We’ve been thinking about how teachers and parents engage with children. While children do their thing, we see a spectrum of engagement, with active engagement on one end and detached observation on the other. Each are appropriate and have their benefits … the key for adults is being mindful of what kind of engagement is called for in a given moment.
When adults are well attuned to the children in their care, they know when to let a child be and when to step in to enhance or deepen the learning process.
There are times when we lead children and are fully engaged. Adult-directed play is an important part of learning, as we create scenarios for children to encounter classic problems and search out workable solutions. Adults provide safe boundaries for exploration and as much guidance as is necessary for kids to find unique (and practical) ways of overcoming obstacles. Too much distance at a time when children need guidance may lead to the kind of failures and disappointments that make a child wary of taking on challenges.
Children should also experience free exploration and play in an environment of non-directive, observational engagement. In this case, adults observe from a little distance, in order to avoid interrupting a child’s creative work. In addition to benefiting a child, from this distance adults can discover something about who our children are. When adults step back, children move at their own pace, create their own kind of order, furnish their own worlds. Too much involvement when children need freedom can lead a child to mistrust their own impulses, to incorrectly assume that they must only do what adults want them to, to shy away from thinking for themselves.

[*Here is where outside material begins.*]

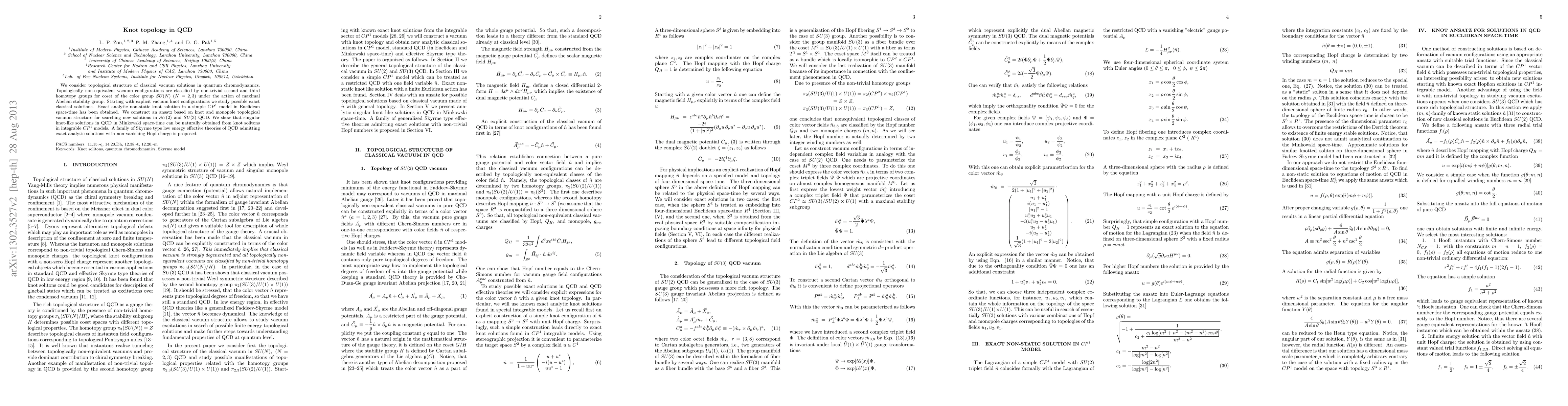 This paper explores the topological structure of vacuum solutions in quantum chromodynamics (QCD), classifying non-equivalent vacuum configurations using second and third homotopy groups. It proposes an ansatz based on knot and monopole structures for finding new solutions in SU(2) and SU(3) QCD, and demonstrates how singular knot-like solutions in QCD can be derived from integrable CP^1 models.

It takes some practice, and patience, to be mindful of where a child is, what their momentary needs are. It’s worth the effort. Ultimately we want to engage kids in a way that encourages them to risk new ventures, both creative and practical. When a child is learning how to create … they need a measure of freedom and a sense that their creativity has value in itself. When a child is learning how things work, they need a measure of guidance and support so that developmentally technical challenges don’t overwhelm them.
Learn these subtle skills and kids grow by measures more confident and free, able to tackle a variety of the challenges our world throws at them.